Akron/Family is a band and nothing more, Dana Janssen is quick to explain.

'Really, it's not any sort of religion,' Janssen says by telephone from his boyhood home in rural Pennsylvania.

The fact that Janssen even has to clarify that point pretty well establishes that while Akron/Family may be just a band, it's miles away from any you've heard before.

Some of the religious misperception is the work of crafty marketing on the part of the band's label.

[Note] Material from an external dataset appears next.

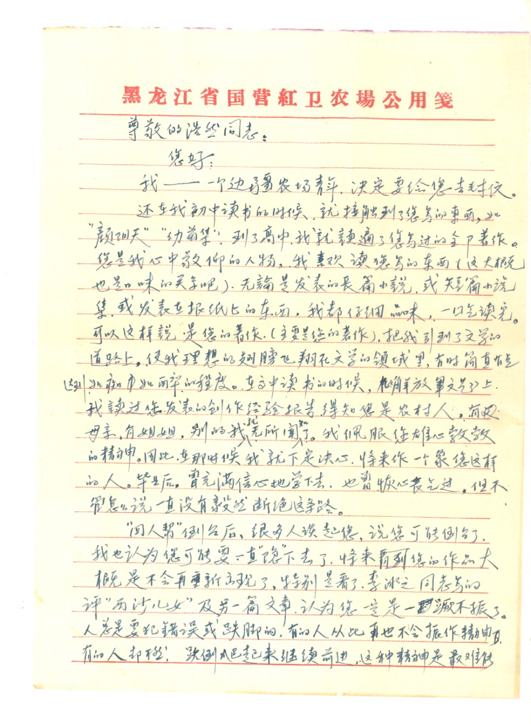 [24]读者孙立华在1979年2月9日信中写道:“已近一年的时间了,我似乎已养成了习惯,每当我拿到月刊《人民文学》或《北京文艺》,总是要先浏览那些目录,我多么希望能够早日看到您的作品啊!但很多次都使我失望的放下了。”

But the band's music, which often borders on the ecstatic, made the joke believable.

The foursome - Janssen plays drums, but like the others (Seth Olinsky, Miles Seaton and Ryan Vanderhoof) is a multi-instrumentalist and vocalist - came together in Brooklyn five years ago, honing its blend of psychedelia, folk and rock in virtual seclusion.

'We moved out to Bushwick, an area of Brooklyn where there was nothing around us,' Janssen recalls. 'There was a block of emptiness just to reach the train.

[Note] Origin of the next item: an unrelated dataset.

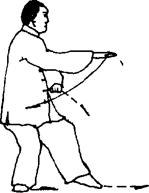 (1)右脚向右撤跨半步,膝微屈,左脚随之收提,脚尖虚点地; 同时身体半面向左转体,右掌外旋向前撩抄,掌心向前,等高与 胸齐,左臂外旋向上向内屈肘划弧,在体前与右臂相交,左掌变 拳,拳心向下;目视前方(图4)。

'So we weren't the most social people, basically just hanging with ourselves at the house, to the point where it was hermetically anti-social,' Janssen says.

That helped fuel the mystery around the band, as did working on its eponymous 2005 debut album with Michael Gira, ex-leader of extremist art-rockers Swans and now head of the Family's label, Young God.

'The first time we were in the studio with Michael, whenever we would hear something we liked ... we'd respond to that with 'Oh, dude, that's so ak, that's so ak ak,'' Janssen says. 'As in, that's something we'd like. Essentially it was just us saying that's cool.

'Michael went off and started writing about ak and was inspired by it, and thought it was pretty unique, so it started this thing of it being quasi-religious,' Janssen says.

Young God's press releases slyly played up the 'ak' angle to the point that Janssen still gets incredulous questions about it.

'Sometimes I just go with them and say, 'Yeah you should join,'' he says with a laugh. 'Send your money to ...'

Maybe describing the band as a religion was just a way to avoid having to describe the music, which is hard to pin down.

Early reviews were quick to lump Akron/Family with the freak-folk movement, primarily because Devendra Banhart, proclaimed as freak-folk's faerie prince, was recording for Young God at the time.

'When we first made the first record, the focus on Young God was directly post-Devendra, or freak folk, or whatever word they were throwing around, so it became the hipster thing,' Janssen says

'We're definitely not freak folk,' Janssen says. 'The first record has acoustic guitar and banjo, so I understand why someone would call it that. Bit it's a lazy way of lumping a new band into some category.'

Lazy doesn't seem to be part of Akron/Family's makeup. Besides releasing its own debut in 2005, it also recorded and toured as Gira's backing band, dubbed Angels of Light.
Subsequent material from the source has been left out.